» SUPPLIED MATERIAL
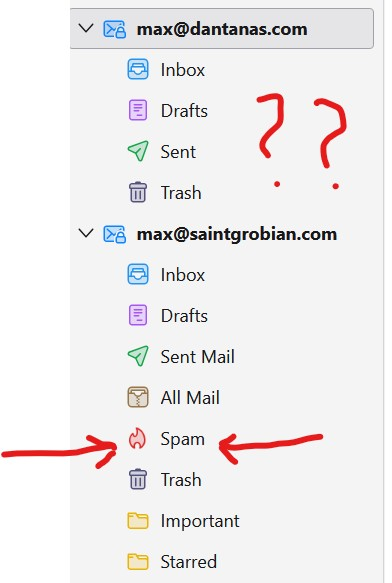 I use Thunderbird with multiple email accounts. Every one of them has a functioning Junk/Spam folder except for one: my Google Workspace account max@dantanas.com
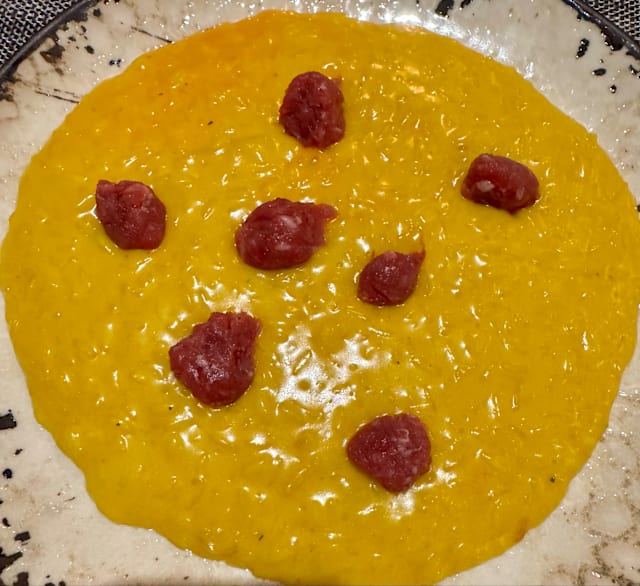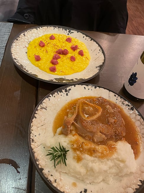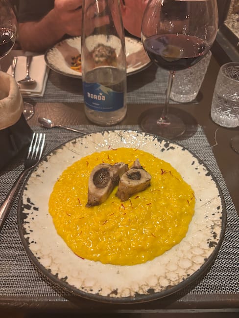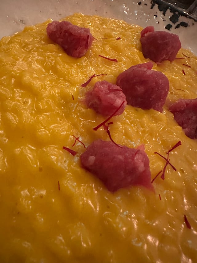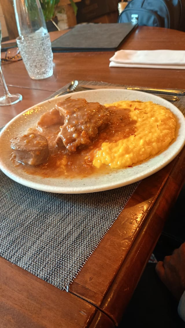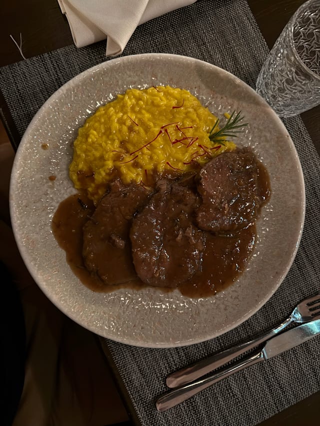 10/10We were treated like royalty! Amazing service from all. Delightful amuse bouche and welcome glass of prosecco. I can’t remember the name of our dish…it was the risotto served tableside from a Parmesan wheel. Outstanding - best risotto of my life. The osso bucco was perfect and had the best, large bone full of marrow. Although we were full, we got the hazelnut gelato and so happy we did. So good! And what a treat at the end of the meal…not the typical lemoncello, but a lovely selection of three liquors to enjoy - lemon, blueberry and mango. We got to meet the chef and share our praise of the meal. We were all over Italy for three weeks and this was our favorite meal of all! We will definitely return here next time we are in Milan and recommend to all of our friends!
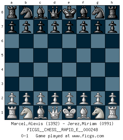 Last move : 0-1 2023 January 22 17:18:22 [Event "FICGS__CHESS__RAPID_E__000248"] [Site "FICGS"] [Date "2022.12.23"] [Round "1"] [White "Marcel,Alexis"] [Black "Jerez,Miriam"] [Result "0-1"] [WhiteElo "1392"] [BlackElo "0991"] 0-1 This chess game has been lost on time (started : 2022.12.23 16:13:44) Follow this game move after move (download)You are for me the Queen on d8 and I am the Pawn on d7 !! (Eduard Gufeld) Der Knackpunkt bei der Konzentration ist, daß wir nur durch sie etwas Neues und Ungewöhnliches am Schachbrett finden können. Sie ist der einzige Weg durch neue neue Ideen eine Überraschung zu bereiten. (Garry Kasparov) El Ajedrez moderno está demasiado preocupado con cosas como la estructura de Peones. Olvidenlo, el Jaque Mate termina la partida. (Nigel Short) Shah mat. Le roi est mort. Cri de fierté d'un joueur venant de terrasser son adversaire, courtoisement, sans effusion de sang. There is a great deal of difference between an eager man who wants to read a book and a tired man who wants a book to read. (G.K. Chesterton)
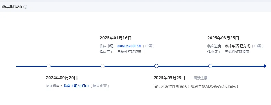 根据药智数据,映恩生物已于2024年在澳大利亚启动了DB-2304的1期临床研究,今年在国内也获批了临床,适应症为系统性红斑狼疮。
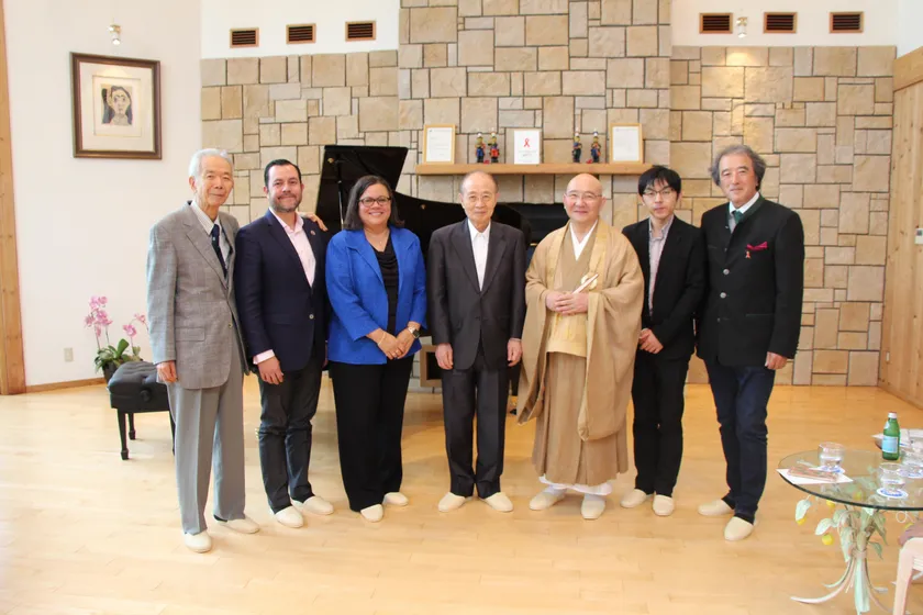 アメリカの大学教育やウィティア大学について広く知ってもらう目的で、大里研究所はリンダ・ウーブレ学長とスティーヴン・デルガド副学長の来日を機に座談会を2018年9月12日に開催。座談会には、理事長の林の友人である、元国連事務次長の明石康氏や、瑞龍寺の清田保南老師らが招待されました。
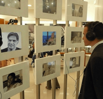 Discuss: Touch-activated portraits and a virtual guest book connect visitors with Titan’s visionaries.
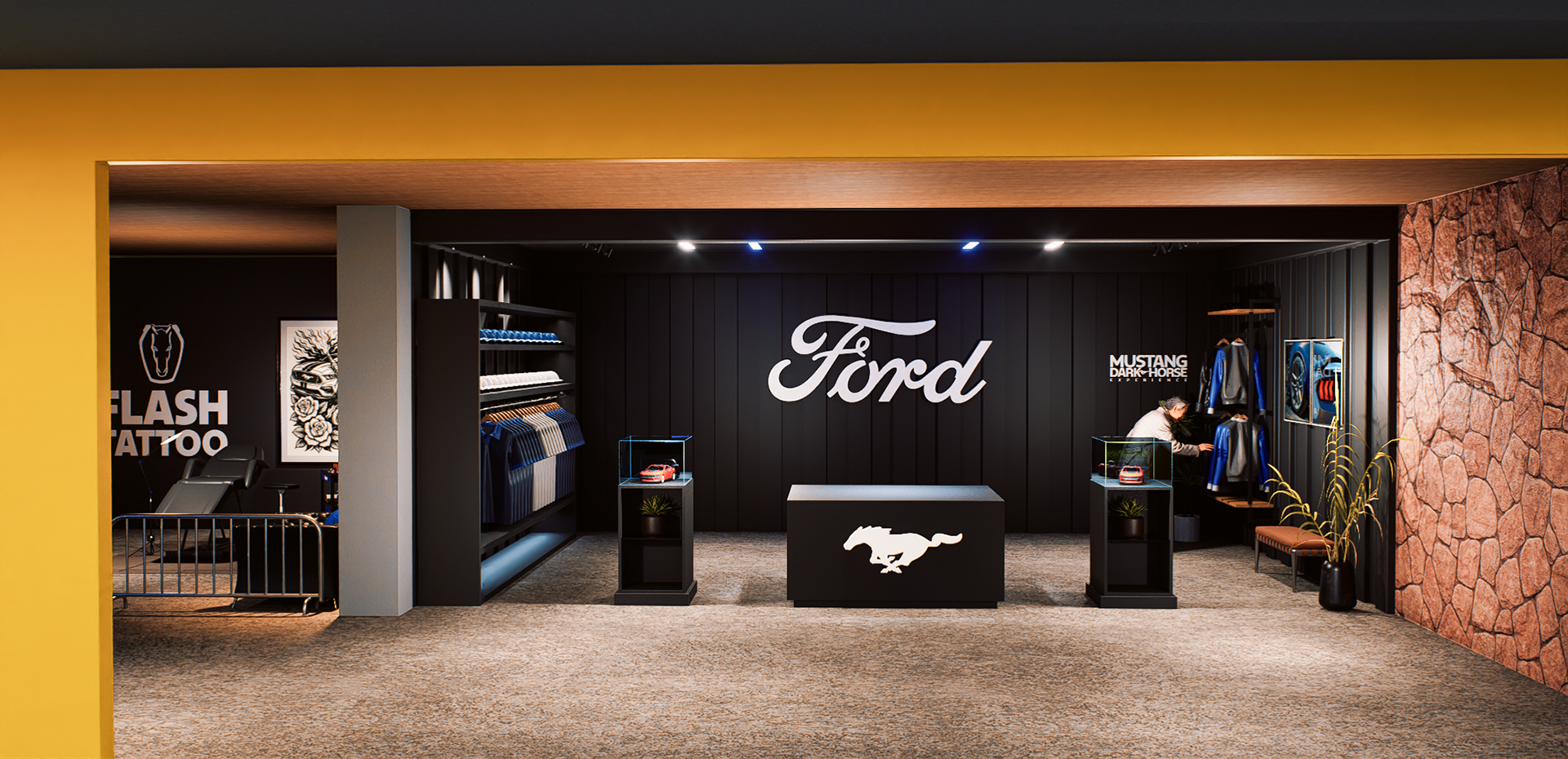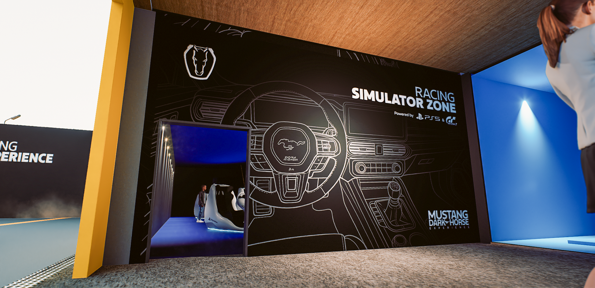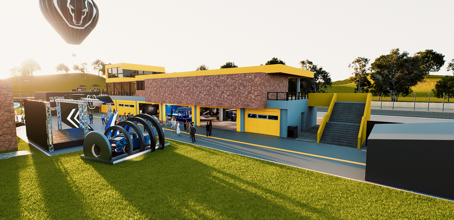 Project developed for the launch event of the Dark Horse Mustang in Brazil, organized by Ford and held at the Autódromo Velocitta in Mogi Guaçu, São Paulo.

» ABOUT THIS TASK
Without the pictures, transcribe exactly the lines above from the one containing "Discuss: Touch-activated portraits" through the last.

» ANSWER
 Discuss: Touch-activated portraits and a virtual guest book connect visitors with Titan’s visionaries.
 Project developed for the launch event of the Dark Horse Mustang in Brazil, organized by Ford and held at the Autódromo Velocitta in Mogi Guaçu, São Paulo.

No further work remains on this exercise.